Aim of the task: Without the pictures, repeat all of the data exactly as it appears below.

--- Data section ---

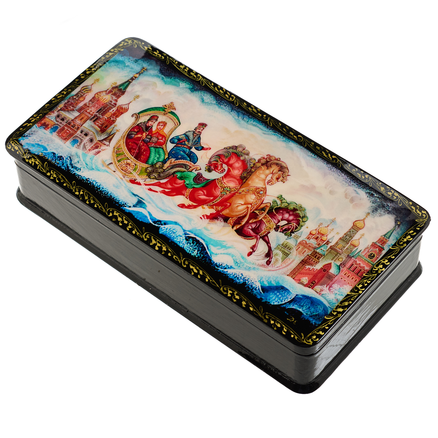 Русские подарки и сувениры → Шкатулки → Лаковая миниатюра → Шкатулка с художественной росписью "Зимняя тройка"
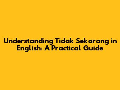 Understanding 'Tidak Sekarang' In English: A Practical Guide
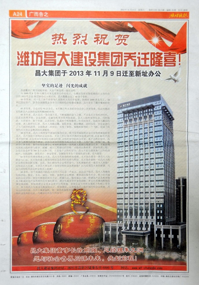 2013年11月09日,集團(tuán)喬遷至高新區(qū)健康東街6999號(hào),濰坊日?qǐng)?bào)、濰坊晚報(bào)刊登集團(tuán)喬遷慶典的報(bào)道。

---

Result:
 Русские подарки и сувениры → Шкатулки → Лаковая миниатюра → Шкатулка с художественной росписью "Зимняя тройка"
 Understanding 'Tidak Sekarang' In English: A Practical Guide
 2013年11月09日,集團(tuán)喬遷至高新區(qū)健康東街6999號(hào),濰坊日?qǐng)?bào)、濰坊晚報(bào)刊登集團(tuán)喬遷慶典的報(bào)道。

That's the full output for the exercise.